Task inputs -
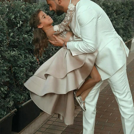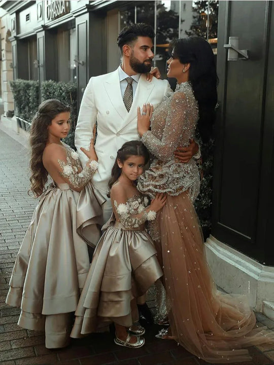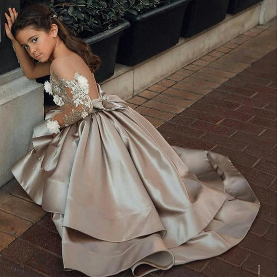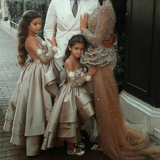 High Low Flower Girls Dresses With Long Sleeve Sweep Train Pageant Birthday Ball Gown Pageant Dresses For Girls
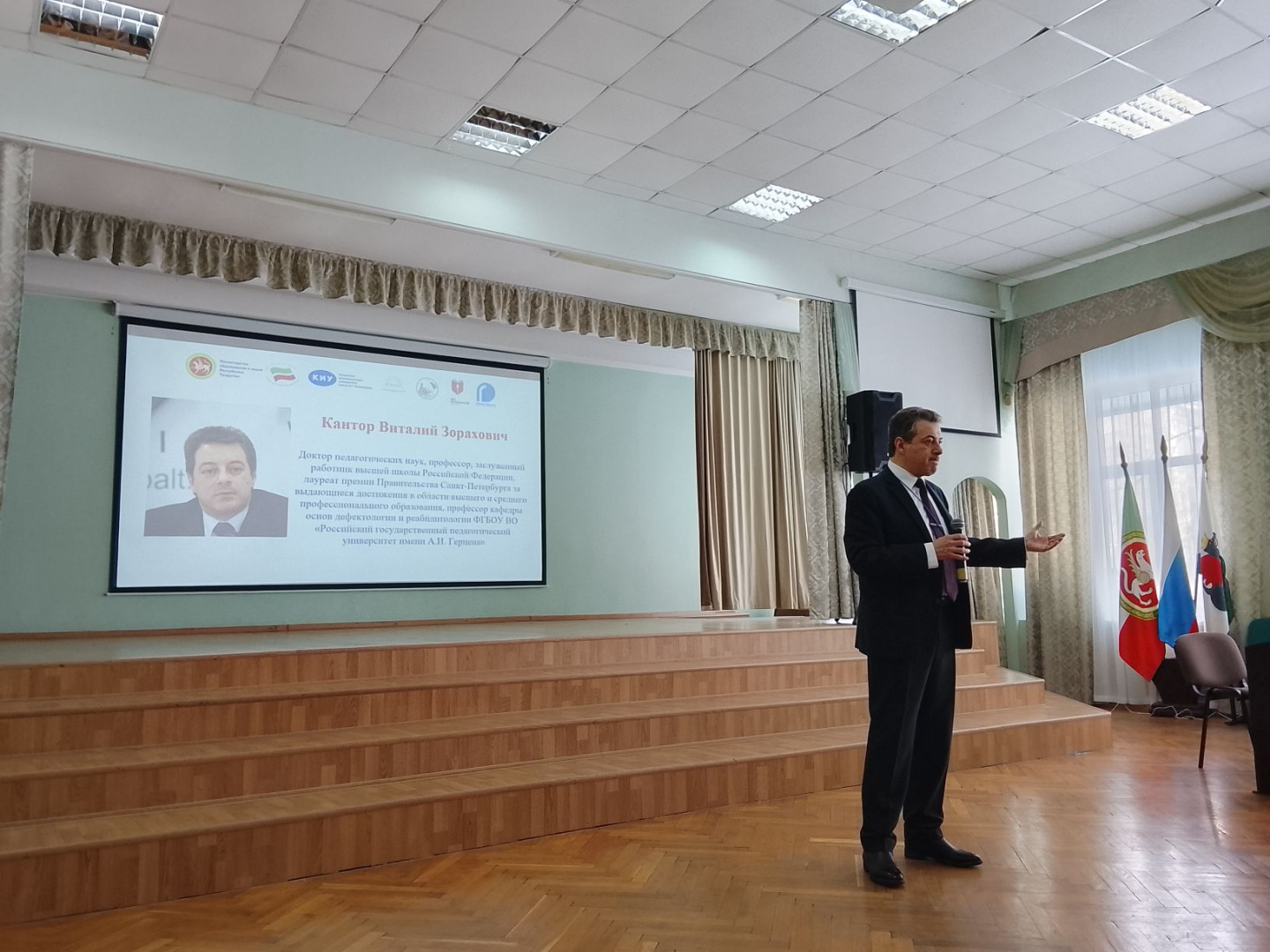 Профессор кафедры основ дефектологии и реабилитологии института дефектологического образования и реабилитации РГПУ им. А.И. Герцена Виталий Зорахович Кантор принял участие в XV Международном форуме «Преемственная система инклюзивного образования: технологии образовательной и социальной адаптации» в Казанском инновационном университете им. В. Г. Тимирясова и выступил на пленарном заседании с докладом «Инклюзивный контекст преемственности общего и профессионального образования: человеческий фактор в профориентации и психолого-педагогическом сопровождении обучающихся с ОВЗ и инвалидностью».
==
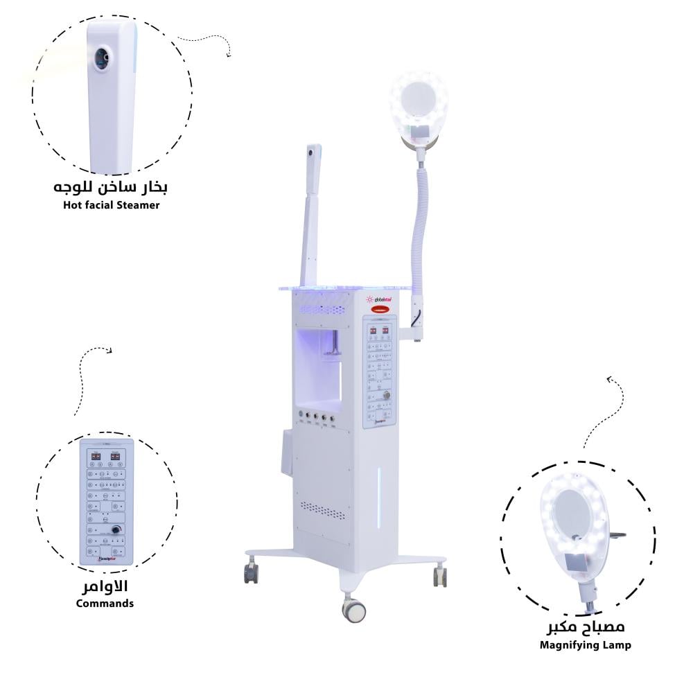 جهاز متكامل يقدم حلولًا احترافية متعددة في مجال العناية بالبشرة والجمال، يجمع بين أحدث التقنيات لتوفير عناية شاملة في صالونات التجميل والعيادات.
---
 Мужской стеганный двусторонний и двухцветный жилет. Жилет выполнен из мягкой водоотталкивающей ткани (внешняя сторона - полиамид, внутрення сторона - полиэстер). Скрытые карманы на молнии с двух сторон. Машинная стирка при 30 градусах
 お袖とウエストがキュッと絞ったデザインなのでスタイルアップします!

Problem to work on - Among the entries above, find the line with "Мужской стеганный двусторонний" and the line with "お袖とウエストがキュッと絞ったデザインなのでスタイルアップします!"; give again exactly these two lines and all lines between them.

Response area -
 Мужской стеганный двусторонний и двухцветный жилет. Жилет выполнен из мягкой водоотталкивающей ткани (внешняя сторона - полиамид, внутрення сторона - полиэстер). Скрытые карманы на молнии с двух сторон. Машинная стирка при 30 градусах
 お袖とウエストがキュッと絞ったデザインなのでスタイルアップします!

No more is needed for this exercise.